**DESCRIPTION OF THE TASK**
Using the listing below, please print exactly the lines from the one with "1942 Gyarmat, Római" through the one with "A Prefeitura de". Leave out every picture.

**DATA FOR THIS TASK**
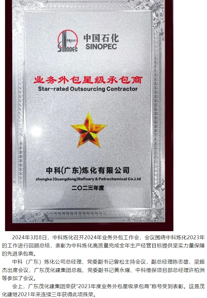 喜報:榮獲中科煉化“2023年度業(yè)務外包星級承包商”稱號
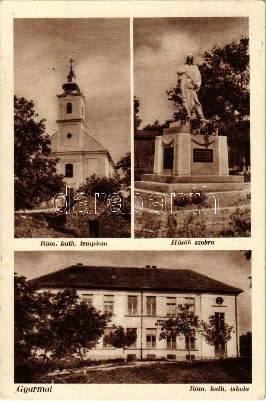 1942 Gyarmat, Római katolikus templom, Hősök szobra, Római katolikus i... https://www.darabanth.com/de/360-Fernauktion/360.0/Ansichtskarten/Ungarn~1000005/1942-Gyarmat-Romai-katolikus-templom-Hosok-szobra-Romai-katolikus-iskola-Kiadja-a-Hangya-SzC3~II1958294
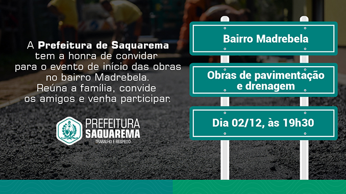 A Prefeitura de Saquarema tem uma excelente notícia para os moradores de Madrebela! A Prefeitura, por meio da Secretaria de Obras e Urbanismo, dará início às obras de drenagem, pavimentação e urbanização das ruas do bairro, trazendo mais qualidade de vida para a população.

* * *

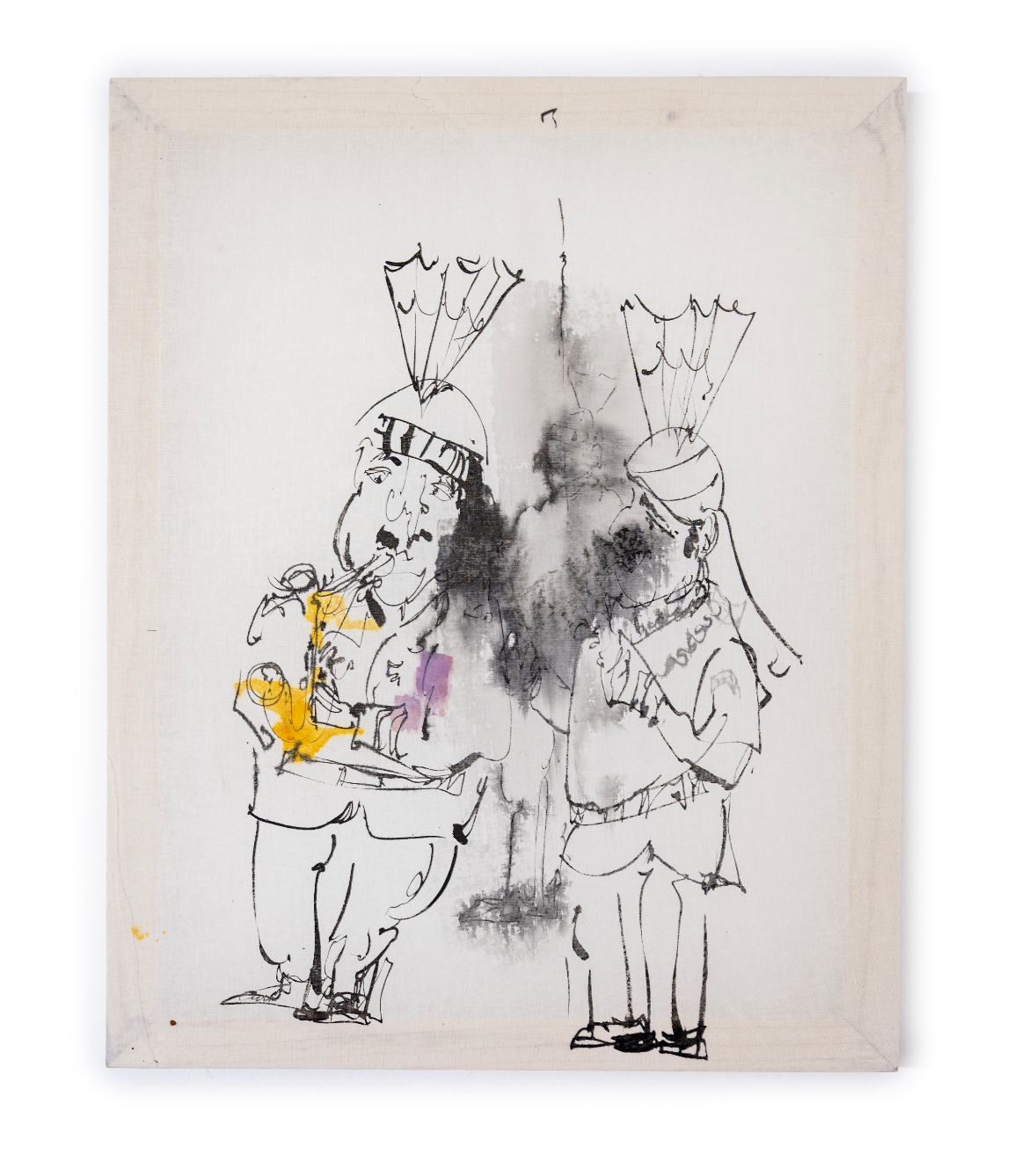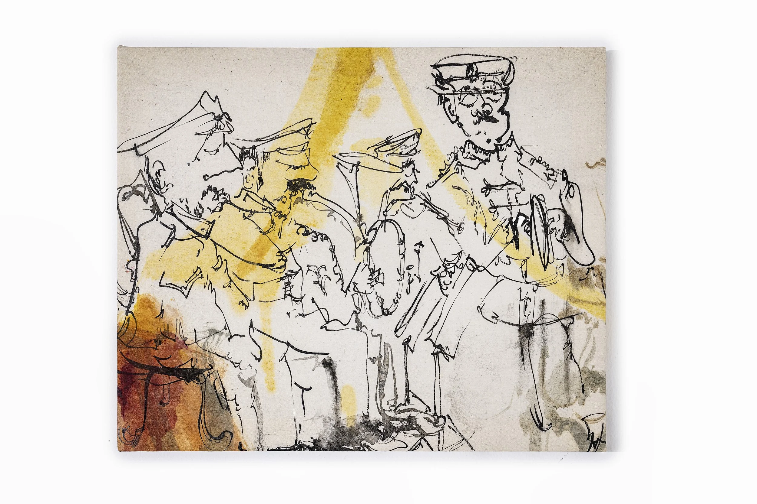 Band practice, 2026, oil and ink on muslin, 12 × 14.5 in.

**RESPONSE BELOW**
 1942 Gyarmat, Római katolikus templom, Hősök szobra, Római katolikus i... https://www.darabanth.com/de/360-Fernauktion/360.0/Ansichtskarten/Ungarn~1000005/1942-Gyarmat-Romai-katolikus-templom-Hosok-szobra-Romai-katolikus-iskola-Kiadja-a-Hangya-SzC3~II1958294
 A Prefeitura de Saquarema tem uma excelente notícia para os moradores de Madrebela! A Prefeitura, por meio da Secretaria de Obras e Urbanismo, dará início às obras de drenagem, pavimentação e urbanização das ruas do bairro, trazendo mais qualidade de vida para a população.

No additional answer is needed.